Europe’s lack of mineral resources, fragile supply chains, and rising cost pressures leave industrials with no choice: they must build resilient, alternative models to limit external dependencies.
Circularity delivers real economic impact and preserves resources on a global scale: reusing rather than rebuilding reduces costs by up to 60% compared to new production, using only 20% of the energy and preserving the human labor already integrated into the product. Producing new means paying 2–3x more and consuming 5x the energy for equivalent results. In today’s context, this is not a small accounting difference - it’s a strategic advantage and a new frontier of competitiveness.
Why now? Because the stars are aligned. Industrial players are under unprecedented pressure. What was once “nice to have” has become a matter of competitiveness and sovereignty. The urgency of rethinking industrial value chains has never been greater - and Revalue arrives at exactly the right moment to unlock it.
🌱 Our conviction
We invested in Revalue because we believe Europe must reinvent its industrial model to remain competitive and sovereign. Circularity can no longer be a marginal initiative - it must become an economic norm, capable of generating tangible value for industrial players. End-of-life products are a strategic resource, and unlocking their potential is imperative.

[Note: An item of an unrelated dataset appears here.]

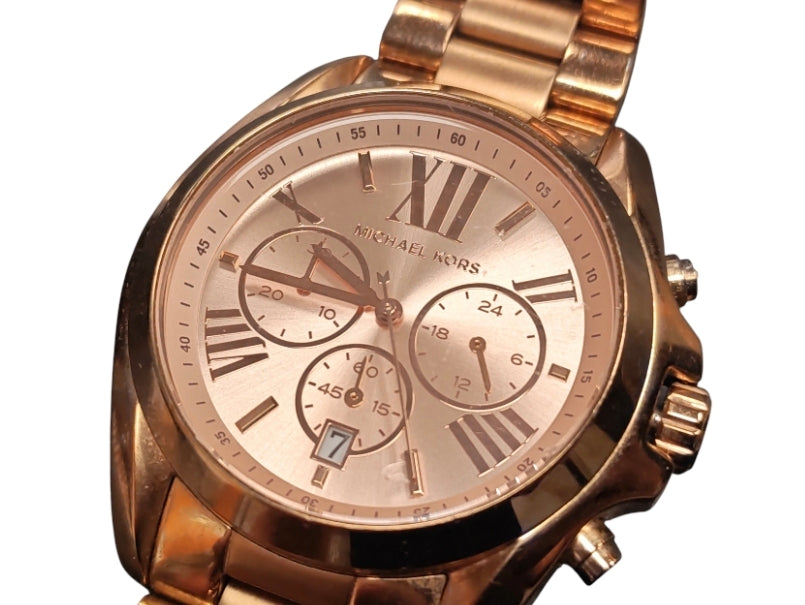 The Michael Kors MK5503 is a popular rose gold-tone chronograph watch from the Bradshaw collection. It features a oversized, boyfriend-style aesthetic with classic Roman numeral markers and a stainless steel bracelet
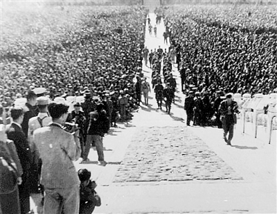 1945年10月10日,中国战区华北日军受降仪式在故宫太和殿广场举行。图为日军投降代表穿过观礼人群。当日军献刀时,群众山呼“中国万岁!中国万岁!”资料图片

In this context, transforming European industrial models is not optional. It is both a way to build systemic resilience against increasingly frequent economic, geopolitical, or logistical crises, and to redefine European competitive advantage, breaking free from the rules imposed by countries with abundant natural resources.
Revalue embodies this ambition. Beyond its environmental impact - reducing waste, CO₂ emissions, and resource consumption - the platform transforms end-of-life products into a strategic lever of competitiveness. By revalorizing these products, Revalue not only avoids unnecessary production but also strengthens industrial capabilities.
Crucially, this approach creates and sustains skilled local jobs across the recovery, refurbishment, remanufacturing, and recycling chains, ensuring that industrial labor and expertise are preserved and valorized in Europe rather than outsourced. By anchoring these activities locally, Revalue contributes to regional economic resilience and territorial cohesion, supporting communities through employment, training, and the development of sustainable industrial ecosystems. Each recovered or remanufactured product becomes a source of value not only for the company but also for the local workforce and the broader territory, reinforcing a competitive, sovereign, and sustainable European industry.
And finally, we could not have committed on this topic without a captain capable of navigating through headwinds and storms. When we met Charles, it quickly became clear he was that person. A resilient entrepreneur with a first successful venture under his belt, he combines experience, grit, and long-term vision. Circularity is not a sprint but a marathon - it demands persistence, patience, and the ability to create lasting value. We are convinced Charles is the right founder to lead Revalue on this journey.